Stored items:
▼

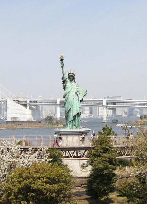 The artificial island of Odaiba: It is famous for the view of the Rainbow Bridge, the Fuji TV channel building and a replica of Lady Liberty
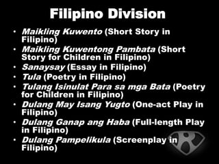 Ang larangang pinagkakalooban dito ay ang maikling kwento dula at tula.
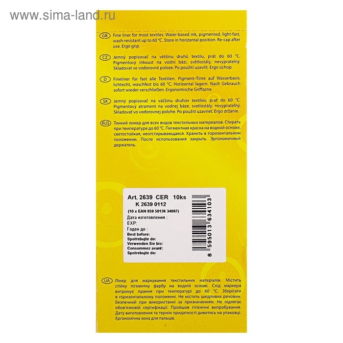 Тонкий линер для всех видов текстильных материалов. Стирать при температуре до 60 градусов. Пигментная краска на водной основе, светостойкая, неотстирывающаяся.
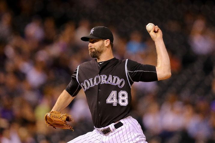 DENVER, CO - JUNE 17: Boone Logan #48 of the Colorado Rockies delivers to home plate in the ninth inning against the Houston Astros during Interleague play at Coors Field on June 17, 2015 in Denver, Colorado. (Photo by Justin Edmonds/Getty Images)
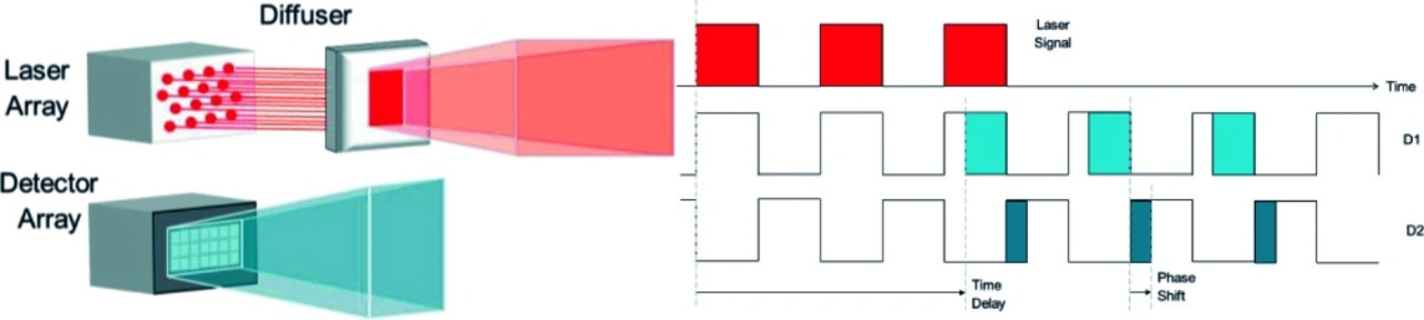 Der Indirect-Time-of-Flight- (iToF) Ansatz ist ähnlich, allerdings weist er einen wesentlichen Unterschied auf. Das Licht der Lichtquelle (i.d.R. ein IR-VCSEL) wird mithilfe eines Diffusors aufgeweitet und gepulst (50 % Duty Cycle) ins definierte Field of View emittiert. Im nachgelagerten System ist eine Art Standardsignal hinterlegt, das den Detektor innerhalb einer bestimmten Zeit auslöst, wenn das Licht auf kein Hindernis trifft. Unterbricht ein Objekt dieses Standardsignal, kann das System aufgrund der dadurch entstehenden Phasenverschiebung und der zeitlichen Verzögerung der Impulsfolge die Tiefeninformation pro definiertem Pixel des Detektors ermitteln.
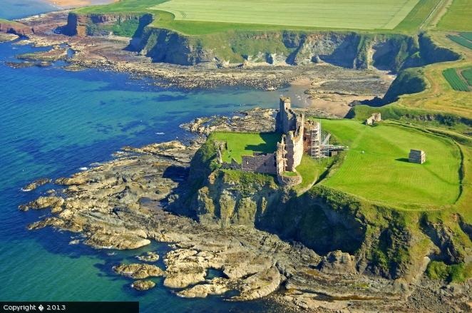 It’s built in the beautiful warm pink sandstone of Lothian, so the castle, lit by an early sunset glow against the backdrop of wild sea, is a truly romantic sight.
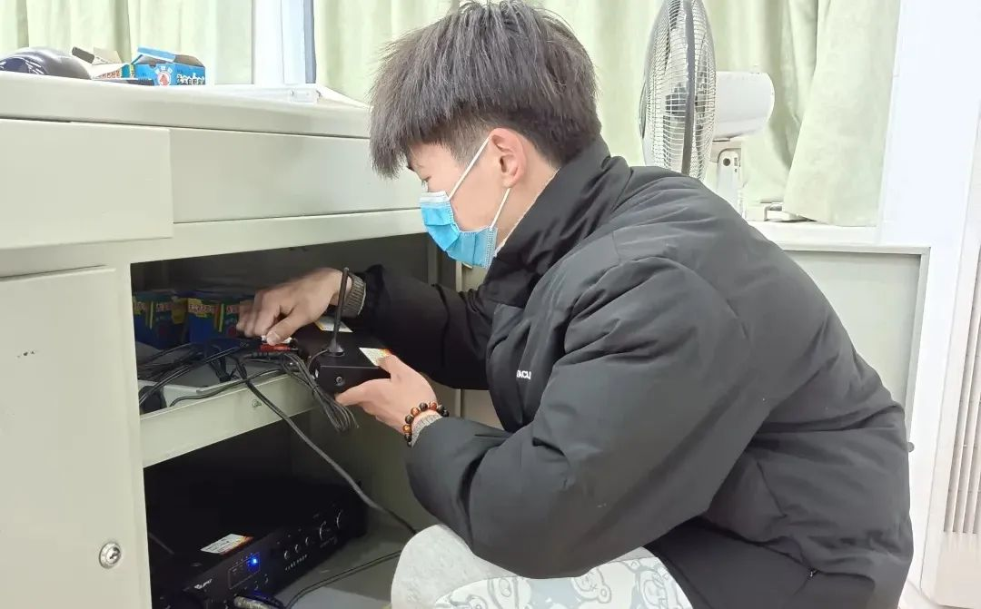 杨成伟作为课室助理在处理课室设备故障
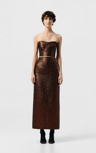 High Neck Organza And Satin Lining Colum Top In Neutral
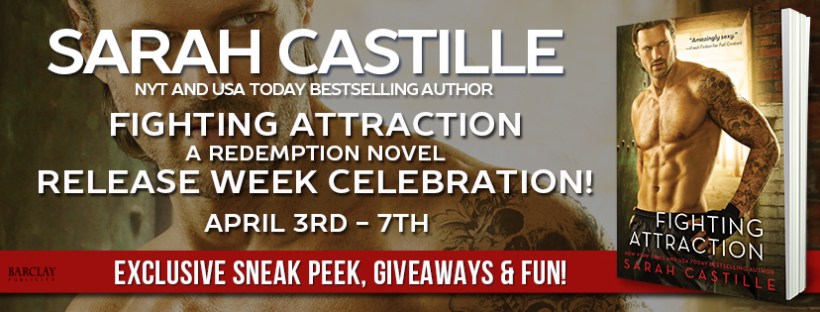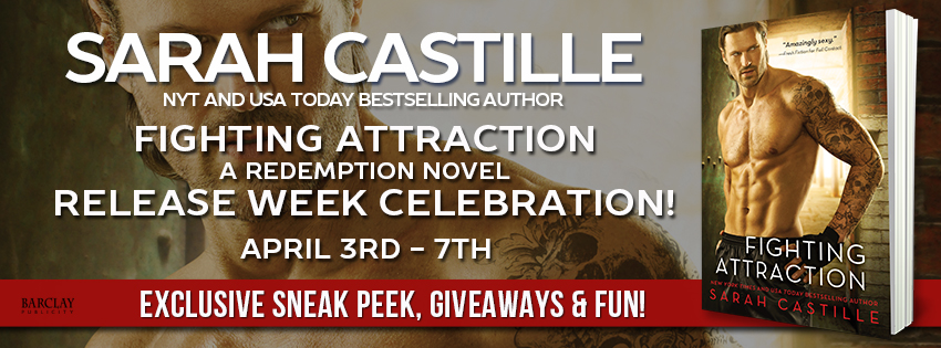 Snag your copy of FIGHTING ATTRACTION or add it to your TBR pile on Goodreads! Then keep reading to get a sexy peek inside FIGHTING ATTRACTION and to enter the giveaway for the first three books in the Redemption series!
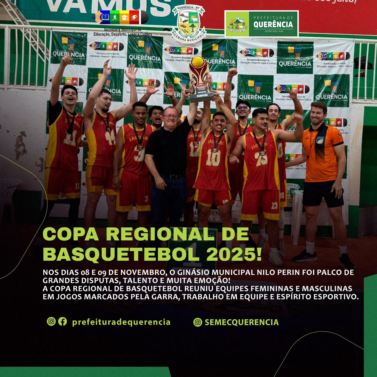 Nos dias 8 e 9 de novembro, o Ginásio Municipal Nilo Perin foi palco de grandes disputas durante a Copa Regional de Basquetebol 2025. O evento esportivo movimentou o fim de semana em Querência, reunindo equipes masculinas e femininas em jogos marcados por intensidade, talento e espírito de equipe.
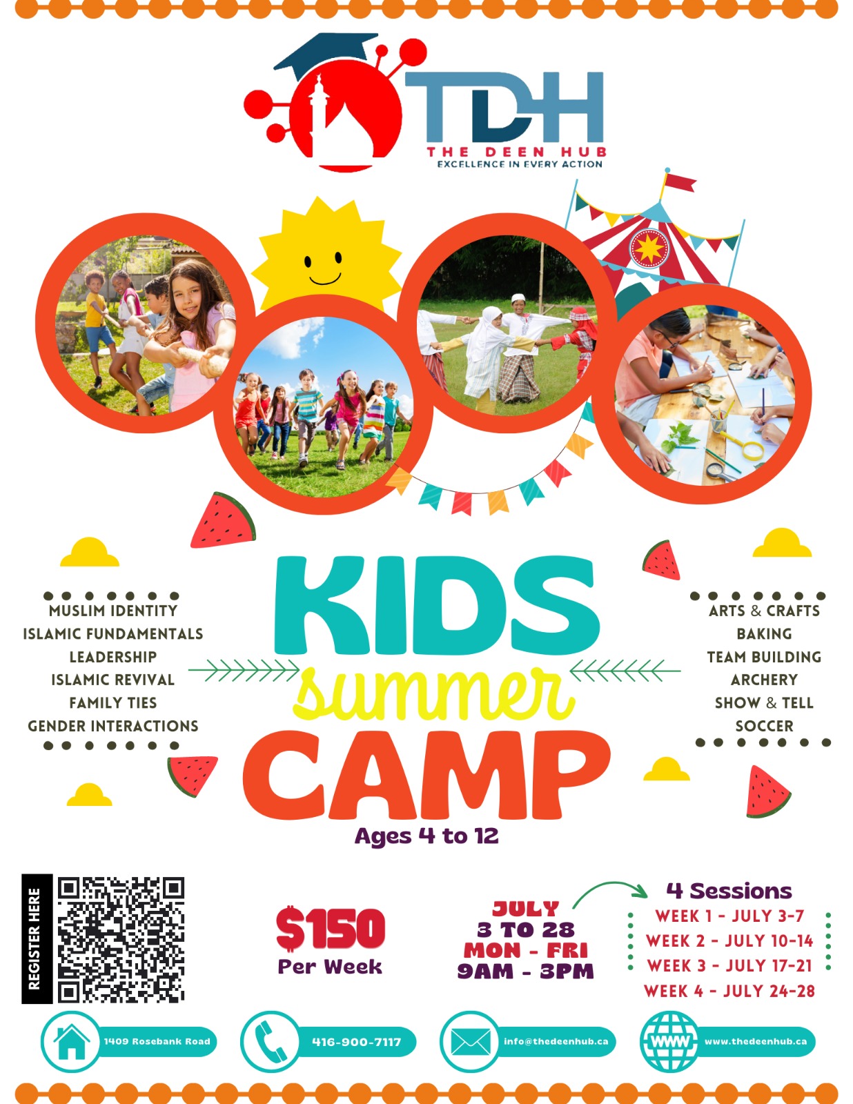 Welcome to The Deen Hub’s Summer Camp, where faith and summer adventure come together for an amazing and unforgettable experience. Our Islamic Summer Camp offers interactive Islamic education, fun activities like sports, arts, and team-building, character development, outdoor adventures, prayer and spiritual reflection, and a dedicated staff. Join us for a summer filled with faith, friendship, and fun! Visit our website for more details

▲

Problem requirements — From the records above, transcribe only the stretch from the line with "杨成伟作为课室助理在处理课室设备故障" through the line with "Snag your copy", keeping both ends. Omit pictures.

Solved problem —
 杨成伟作为课室助理在处理课室设备故障
 High Neck Organza And Satin Lining Colum Top In Neutral
 Snag your copy of FIGHTING ATTRACTION or add it to your TBR pile on Goodreads! Then keep reading to get a sexy peek inside FIGHTING ATTRACTION and to enter the giveaway for the first three books in the Redemption series!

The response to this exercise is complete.